Dimensionality Reduction: Why do it?
In the last article, we talked about how with the correct mathematical definition, we can define a circle, something that usually lives in two dimensions, in any dimension we want. Hopefully, that exercise has helped make it a bit clearer what we mean when we talk about high-dimensional data.
Dimensionality reduction is a technique in which one can put in high-dimensional data (like the example in the last article about films) and run it through an algorithm and try to figure out which dimensions are the most important for understanding similarities and differences between these data points. And these important dimensions need not be the ones in the original data. For example, it might be that separately, the rating and the genre aren’t that important for understanding the similarities between films, but the interaction between rating and genre is very helpful.
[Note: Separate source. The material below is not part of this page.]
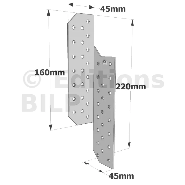 Patte de solivage DROITE - 45x220x2mm - Réf. PSD220/45/2_10

There are some clever algorithms out there to do just this. We will compare the results of three dimensionality reduction techniques: PCA (Principle Component Analysis), t-SNE (t-distributed Stochastic Neighbor Embedding), and UMAP ([Uniform Manifold Approximation and Projectio).
We can start with a simple example. Before we try to look at extremely high dimensional data in lower dimensions, let’s see what these algorithms can do when they try to project some three dimensional data into two dimensions.
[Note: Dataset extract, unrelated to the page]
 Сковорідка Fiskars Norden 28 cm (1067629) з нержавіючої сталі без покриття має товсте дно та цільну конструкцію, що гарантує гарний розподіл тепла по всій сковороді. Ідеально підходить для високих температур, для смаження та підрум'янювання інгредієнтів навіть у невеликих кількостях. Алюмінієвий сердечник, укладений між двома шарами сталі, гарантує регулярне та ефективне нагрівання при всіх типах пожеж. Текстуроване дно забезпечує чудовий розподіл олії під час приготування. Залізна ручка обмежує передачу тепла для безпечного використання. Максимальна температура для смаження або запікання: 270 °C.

We will start with a picture that has some obvious three-dimensional characteristics, the so-called ‘’swiss roll’’-dataset:
This is what happens when we ask PCA, t-SNE and UMAP to show us this dataset in only two dimensions, preserving as much of the properties of the 3-dimensional set as possible:
As we can see, PCA does alright, but isn’t able to ‘’unroll’’ the swiss roll, t-SNE does a bit of unrolling but doesn’t manage to fully flatten out the roll, and UMAP seems to do a pretty decent job!
Now, let’s consider a more complex example — a set of pictures. Pictures are an example of high-dimensional data because for an image in black and white, if we represent white as 0 and black as 1 (and shades of gray in between), then we could represent a 28 x 28-pixel image as a vector[1] of length 28 x 28=784, where each entry in the vector is a value between 0 and 1. Then, hypothetically, if we wanted to see which images were similar to each other, we could plot them in a 784-dimensional space and see which ones are close to each other. But, as you might have imagined, that’s a bit tricky. Instead, let’s use dimensionality reduction!
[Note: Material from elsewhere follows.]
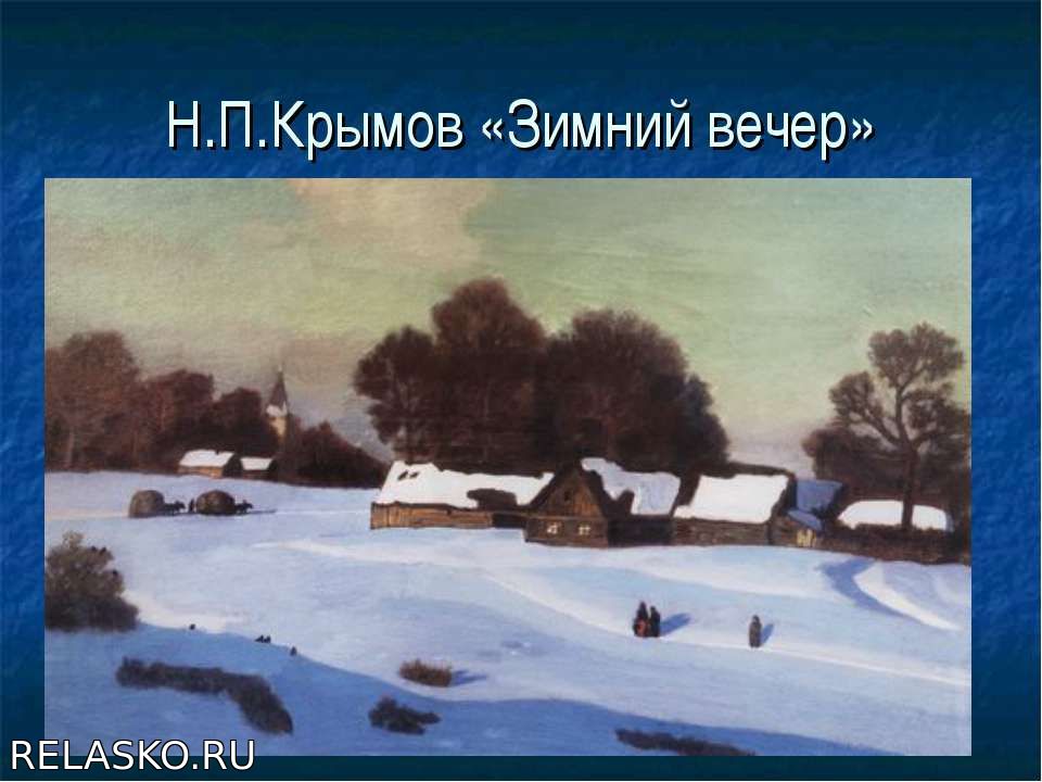 Передо мной картина Н. Крымова “Зимний вечер“. Разглядываю её, и всё изображённое на ней кажется мне знакомым. На большей части картины художник изобразил снег. Пушистый, густой, снег лежит везде: на земле, на крышах домов, он почти скрывает под собой небольшие кустики и бурьян на переднем плане.

For the pictures in question, we will use a famous image set: the MNIST dataset, which is a collection of 28 x 28-pixel images of hand-drawn numbers from 0–9. We will use dimensionality reduction as a tool for clustering and see if we can get the different digits to be grouped together. We feed the algorithms 15000 images and let them try to reduce the data to three dimensions, this is what we get: (Note — the algorithms did not see the labels of the data. Those were added afterwards in order to plot with a different color for each digit).
Here, we can see that t-SNE and UMAP both do a decent job of separating the different digits from one another, though there is a little bit of confusion between ones and sevens (as those can be written in different ways). We also see that the groupings are (especially in UMAP) somewhat related to features such as ‘’a straight line at the bottom’’, i.e. 4,9 and 7 and ‘’curvy parts’’ i.e. 2, 3, 5, 6, 8. None of these are perfect[2], but the amount of information that is retained even after getting rid of 781 dimensions is quite astounding! These tools and other similar ones can be incredible helpful when looking for similarities in high-dimensional data.
This is the second part of our Dimensionality Reduction series. You can find part 1 here.
Author: Emily Searle-White, ZDF Digital
Footnotes:
[1] We need to set an order for our vector, so say we list the pixel values going from top to bottom and left to right. That way, we know which value corresponds to which spot in the picture.
[2] We see some 8s are grouped with the 1s, but when you imagine writing a very skinny 8, it is easy to see how this clustering could occur!